Providing Open Architecture High Availability Solutions

9.1.6 Appropriate panic() Behavior

A catastrophic system failure, or panic() routine is used when a failure occurs which cannot

easily be recovered from. Frequently these failures are system data structure corruptions. The result

of the

panic() routine is to crash the system, with the obvious impact on availability.
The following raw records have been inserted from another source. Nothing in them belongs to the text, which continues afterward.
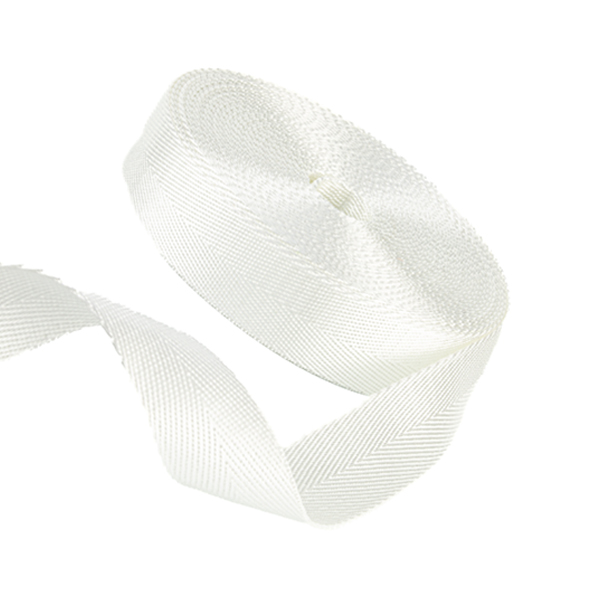 Glattes Polyester-Gurtband mit Fischgrät-Optik. Das Band ist ca. 1mm stark und eignet sich als Band für Taschen, Rucksäcke und Heimtextilien.
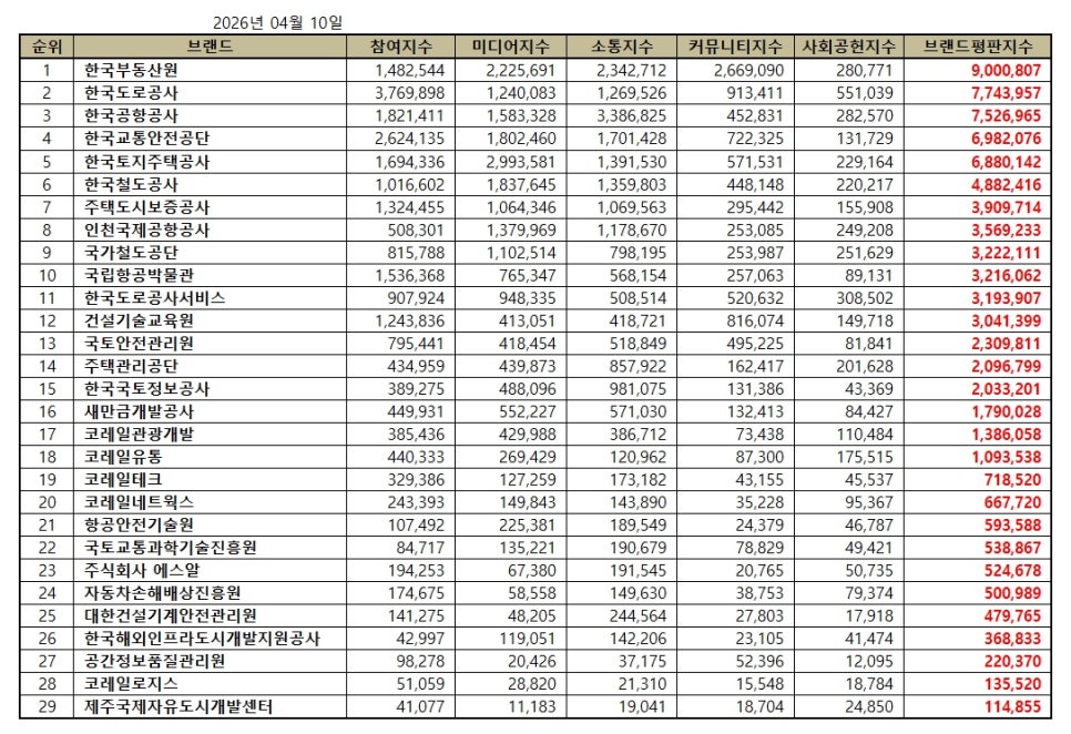 [브랜드평판] 국토교통부 공공기관 브랜드 2026년 4월 빅데이터 분석결과...1위 한국부동산원, 2위 한국도로공사, 3위 한…
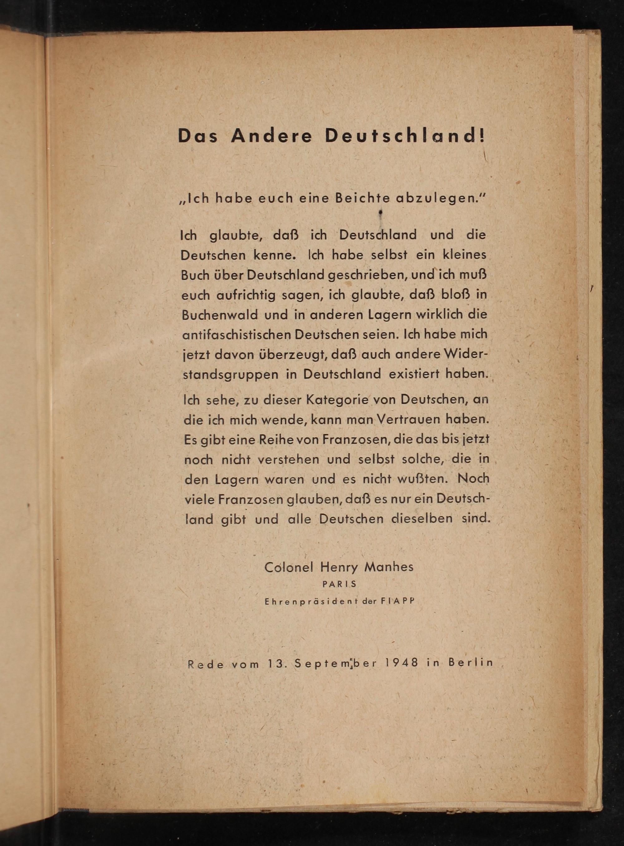 Ich glaubte, daß ich Deutschland und die Deutschen kenne. Ich habe selbst ein kleines Buch über Deutschland geschrieben, und ich muß euch aufrichtig sagen, ich glaubte, daß bloß in Buchenwald und in anderen Lagern wirklich die antifaschistischen Deutschen seien. Ich habe mich jetzt davon überzeugt, daß auch andere Wider-
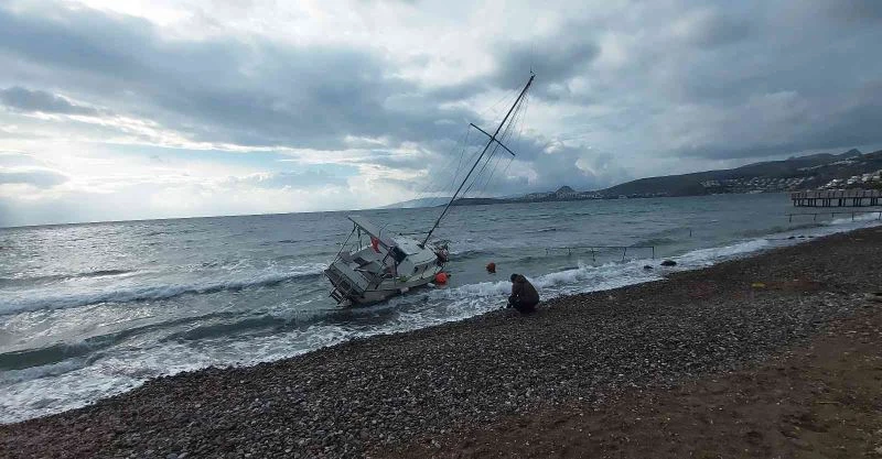 Muğla’nın Bodrum ilçesinde etkili olan sağanak yağmur ve fırtına nedeniyle hayat olumsuz yönde etkilenirken denizde sürüklenen yelkenli bir tekne ise Ortakent sahilinde karaya oturdu.
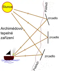 Ve 2. století syrský spisovatel Lúkianos napsal, že při obléhání Syrakus (asi 214–212 př. n. l.) Archimédés zapaloval nepřátelské lodě na dálku.[33] Z pozdější doby (6. století) se dochovalo Anthémiovo tvrzení, že k tomu použil zrcadel.
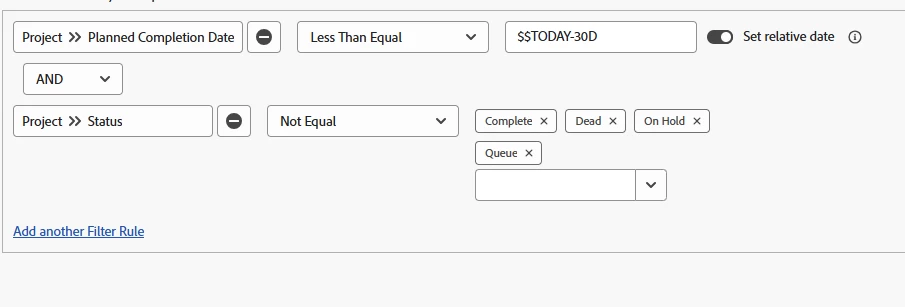 What is the expression to be used in filters to fetch projects that are overdue past 30days from planned completion date.
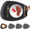 Chitomars Faux Leather Placemats and Coasters, Washable Double-Sided Non-Slip Place Mats, Round, Leather Look Placemats, Plates, Coasters (Set of 4, Grey Black)
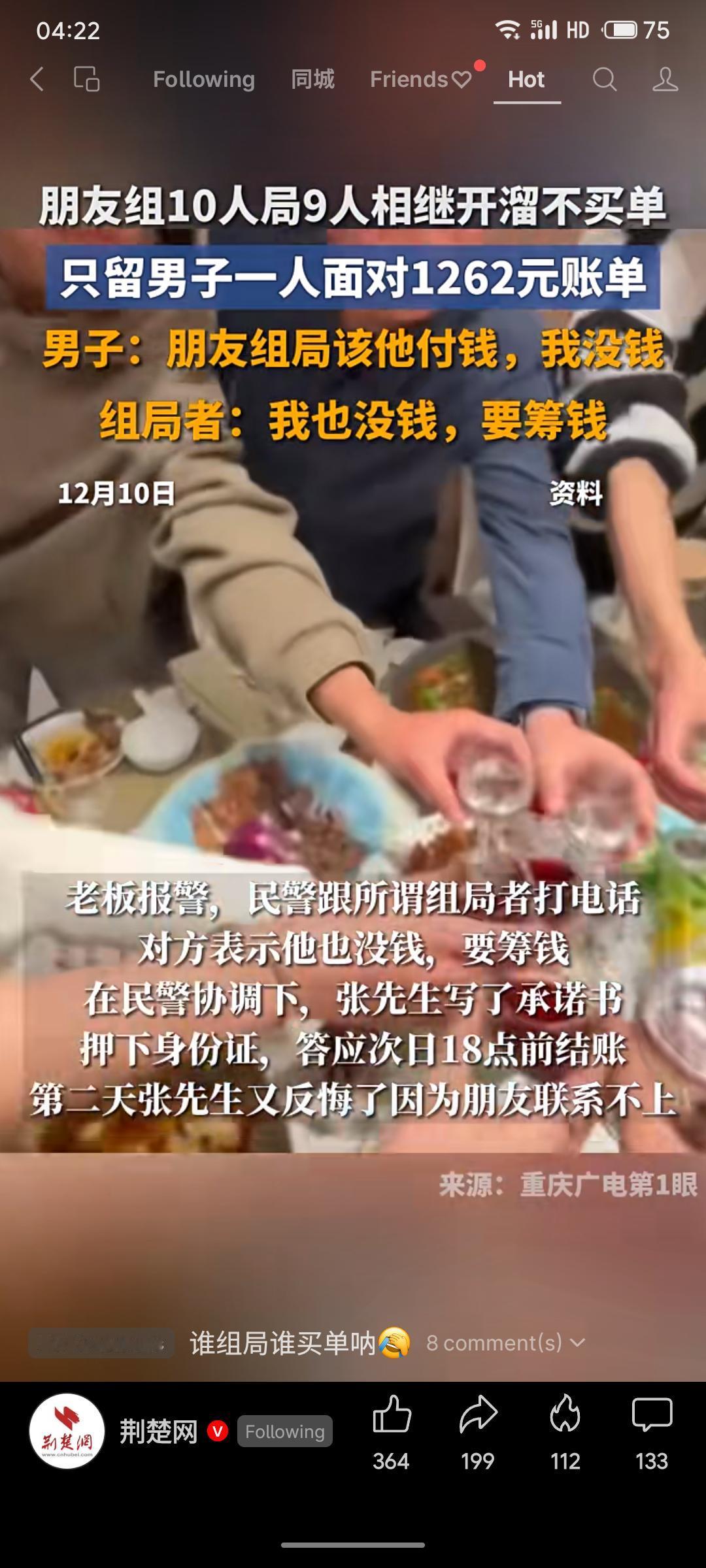 重庆10人聚餐消费1262元,散场后9人相继离开,仅剩张先生被要求买单。张先生与组局者互相推诿,均称无钱支付。经民警协调,张先生写下承诺书后仍反悔。此事暴露部分人缺乏社交诚信与责任意识,也将简单聚餐异化为法律纠纷,反映出现实中维权成本高昂的困境。
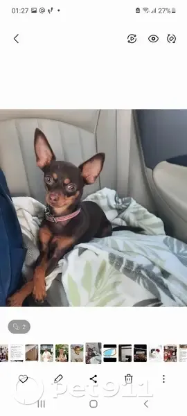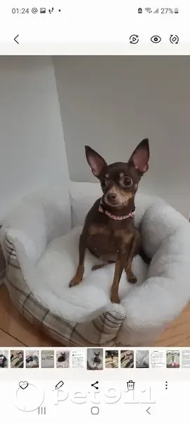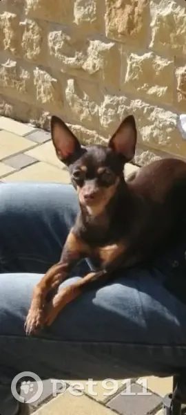 Русский той терьер. Окрас коричневый . Есть клеймо. Кличка Ляся . Очень ласковая
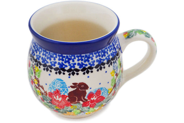 This Chocolate Bunny 12oz Bubble Mug was handmade and hand decorated in Boleslawiec, Poland by skilled artisans according to old traditional methods. This is a Polish pottery Signature Unikat, which means that it has been hand painted with both sponges and brushes and it is signed by the artist who painted it. Unikat pieces are the most intricate works of art. Larger Unikat items take hours of very careful work to finish. This Polish stoneware is microwave, dishwasher, freezer, and oven safe up to 480°F. It does not contain lead or cadmium. It is part of the Chocolate Bunny Collection.
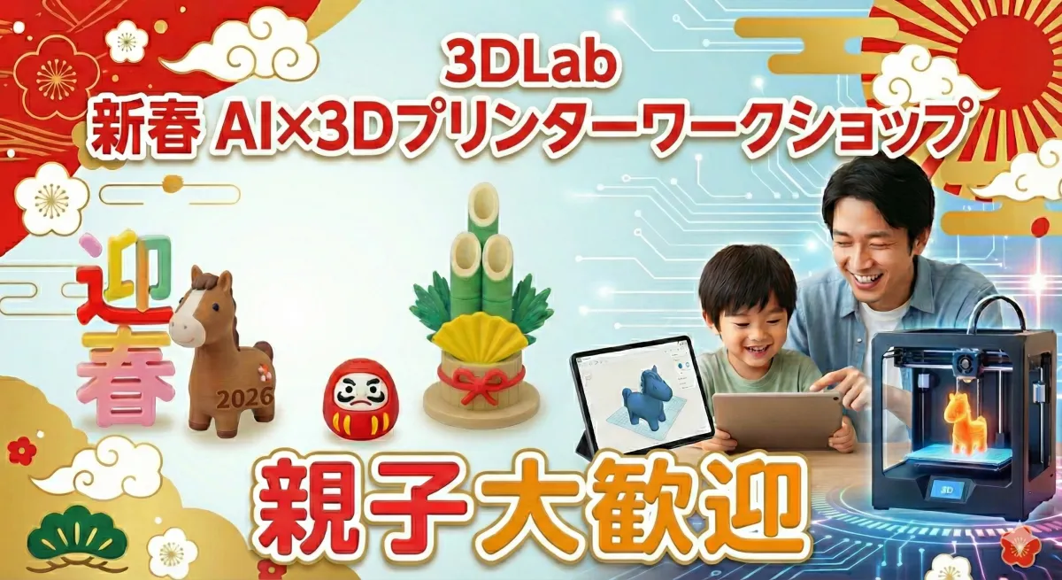 東京都文京区の3DLabで2026年1月4日(日)、新春スペシャルバージョンとして開催される「AI × 3Dプリンタ体験会」をご紹介します。このイベントは、年明けの最初のものづくり体験として、訪れる方々に貴重な時間を提供します。大人から子供まで、誰でも楽しめる内容が盛りだくさんです。

By design, a HA-specific OS seeks to minimize panics by replacing most system exception

conditions with appropriate autonomous fault management behavior. However, if the fault is such

that correct operation of the subsystem is no longer ensured, an indication should be set so that

further attempts to access the subsystem fail. If it really is the case that the entire OS’s operation

cannot continue, then an OS panic() should be the only acceptable action. This will force redundant

OS components to assume the role of the failed system. Whenever possible the panic routine

should capture as much descriptive information as possible, on the abnormal termination. It is

highly desirable to support implementation-specific flexibility in how and where this information

is captured.

9.1.7 Handling of Spurious Events

The OS should recognize and handle potentially spurious events, such as spurious IRQs and

controller and bus glitches.

9.2 Notification

However fault domains are constructed, a critical hardware capability is the detection of failures of

fault domains and communication of those failures. This may be communicated out-of-band

through a management data channel, or in-band via unambiguous observable behavior (or non-

behavior). A primary example of the latter is fail-safe behavior, where a fault domain contains a

self-checking capability, which causes it to promptly shut down when a fault is detected. The

resulting shut down is then observed by other parts of the system.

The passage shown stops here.